An ARM is a mortgage with an interest rate that may increase or decrease periodically.

Why you should consider an ARM:

  • Lower rate equals lower payments
  • It will allow to take advantage of falling rates without refinancing
  • It could be cheaper for homeowners who don't plan on living in one place for a very long time 
  • Most consumers refinance every 3-5 years, so it is better if you plan to move, remodel, retire, etc..
  • Real Estate Loan Checklist

An adjustable rate mortgage (ARM) has a fluctuating interest rate after the fixed rate period has expired. For example, a 7/1 ARM means that for the first seven years of your loan, the introductory rate will be fixed (that is the 7 in 7/1). After that, the interest rate can change every year (that is the 1 with rate change in 7/1).

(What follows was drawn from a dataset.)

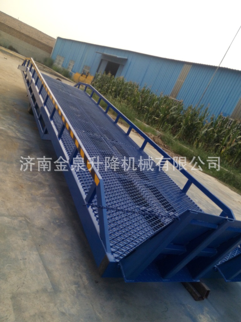 移动式登车桥产品简介:移动登车桥在现代物流现场已是一非常易见的结构形式。它是企业物流链的起点与终点,是企业快速、安全周转产品及货物的一个装卸货操作平台。装卸货操作平台的高度固定,但来往运输车厢的厢地高度不一,运输车辆与装卸货站台之间总是形成一定的高度落差或间隙。造成搬运叉车不能进出运输车辆直接装卸货物。运用登车桥提供可靠的连接。使搬运叉车能够安全、快速地进出运输车辆进行装卸货作业。使用过程平稳可靠,安全性能高,装卸货物时节约了大量时间,省却了大量人力,使装卸货物大大的提高了效率。

The reason for the fluctuation is that the interest rate moves up or down along with the index it is tied to. The loan will identify which index the ARM follows as well as the rate cap. The rate cap is the amount by which rates and payments can change – this will protect you from steep year-to-year increases.

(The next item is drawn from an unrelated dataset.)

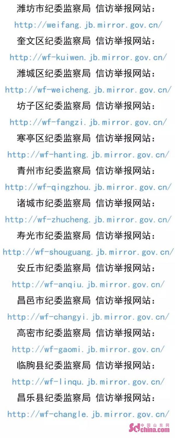 附:濰坊市、縣兩級(jí)紀(jì)檢監(jiān)察機(jī)關(guān)舉報(bào)網(wǎng)站網(wǎng)址

There are many ARM products to consider:

1-Year ARM features:

  • Maximum of 2% initial rate change after introductory term
  • Maximum of 2% rate change per year, each additional year
  • Maximum of 6% total rate change over the life of the loan

3/1 Fixed/Adjustable features:

  • Fixed rate for first 3 years, variable for remaining 27 years; review period – 12 months
  • Conforming loans defined up to $750,000 and jumbo loans available
  • Maximum of 2% initial rate change after introductory term
  • Maximum of 2% rate change per year, each additional year
  • Maximum of 6% total rate change over the life of the loan

5/1 Fixed/Adjustable features: 

  • Fixed rate for first 5 years, variable for remaining 25 years; review period – 12 months
  • Conforming loans defined up to $750,000 and jumbo loans available
  • Maximum of 2% initial rate change after introductory term
  • Maximum of 2% rate change per year, each additional year
  • Maximum of 5% total rate change over the life of the loan

5/5 Fixed/Adjustable features:  

  • Fixed rate for first 5 years, then adjusts and is fixed for another 5 years. Adjustments occur every 5 years.
  • Conforming loans defined up to $750,000 and jumbo loans available
  • Maximum of 2% initial rate change after introductory term
  • Maximum of 2% rate change every 5 years
  • Maximum of 5% total rate change over the life of the loan

7/1 Fixed/Adjustable features: 

  • Fixed rate for first 7 years, variable for remaining 23 years
  • Conforming loans defined up to $750,000 and jumbo loans available
  • Maximum of 2% initial rate change after introductory term
  • Maximum of 2% rate change per year, each additional year
  • Maximum of 5% total rate change over the life of the loan

A fixed rate loan, is one that never adjusts. Now that you know about the differences between an ARM and a fixed rate mortgage, you’re better able to figure out which option works best for your situation.